WHT Project

Folder Structure

HelloWhtProject
├── wht-project.yaml
└── models
└── ml-features.yaml

wht_project.yaml

The project file contains name of the profile to be used, along with model locations.

Models and Features

A model file in YAML describes the sources from where data is to be fetched and the conditions for creating output table. Feature is a single value derived by performing calculation or aggregation on a set of values.

The different kinds of models that can be created are:

  • ID Stitcher - You can create a detailed user journey across platforms and devices, by stitching together same data across sources.

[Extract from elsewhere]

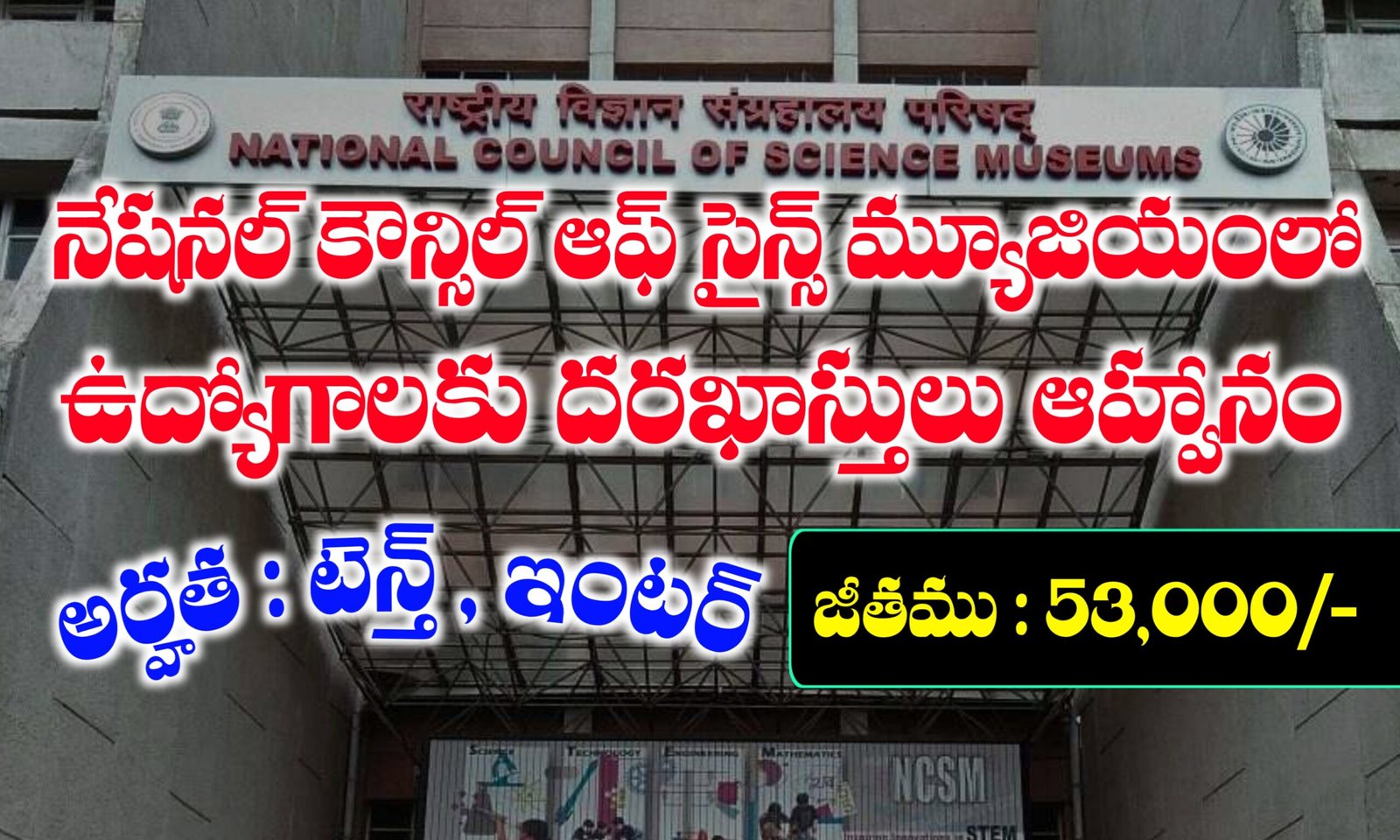 భారత ప్రభుత్వం , మినిస్ట్రీ ఆఫ్ కల్చర్ పరిధిలోని అటానమస్ సైంటిఫిక్ సంస్థ నేషనల్ కౌన్సిల్ ఆఫ్ సైన్స్ మ్యూజియం (NCSM) నుండి వివిధ ఉద్యోగాల భర్తీ నిమిత్తం నోటిఫికేషన్ విడుదల అయ్యింది.
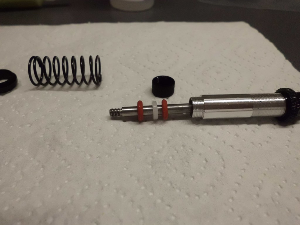 Ich hatte vorne bereits Team Raffee-Dämpfer eines Forumskollegen verbaut. Deren absolut tadellose und geschmeidige Funktionsweise fiel mir erst richtig auf, nachdem ich die neuen TR-Dämpfer verbaut hatte. Bockig und mit einseitig unterschiedlicher Funktionsweise, eher etwas enttäuschend. So ergab eine erneute Kontaktaufnahme mit dem Forumskollegen, neue und wichtige Erkenntnisse bei der Dämpferoptimierung. Die bisherigen Axial-Dämpfer waren für reine Kunststoffdämpfer schon bemerkenswert gut, hatten aber Optimierungsbedarf. Meine Versuche den Bereich der Kolbenabdichtung zu schmieren war nicht von dauerhaftem Erfolg gekrönt. Dabei wird der Dämpferkolben von zwei O-Ringen gedichtet. Dazwischen liegt noch eine Führungsscheibe. Alle Bauteile sind passend zur Kolbenstange, absolut spielfrei. So entsteht durch die Bewegung der Kolbenstange eine permanente Reibung. Technisch nennt man das Losbrechkraft. Das führt zu ungleichmäßiger bis ruckelnden Bewegung der Kolbenstange in den O-Ringen. Meine Versuche diesen Bereich gesondert mit Öl zu bearbeiten, war eine akzeptable Verbesserung, aber nicht von Dauer und damit keinesfalls perfekt.

  • Feature Tables - This allows you to create output tables with computations such as aggregation, average, etc. on selected fields.

  • Feature Tables ML Notebook - You can take ML Notebooks in Jupyter and add ML/AI capabilities to it.

  • Feature Tables External - Fetch data from your existing tables in the warehouse that are created by sources like DBT and Airbyte.

Timestamp of WHT Model Inputs

Whenever RudderStack Events or Cloud Extract load data on a warehouse, then it mentions timestamp in a column specifying the date and time the data was loaded. Say you want your models to fetch data that was loaded in the last 24 hours, then specify validity_time: 24h in the model YAML file.

In case you wish to fetch all the data from source tables irrespective of timestamp, then you can add timeless parameter to the query.

wht run -t timeless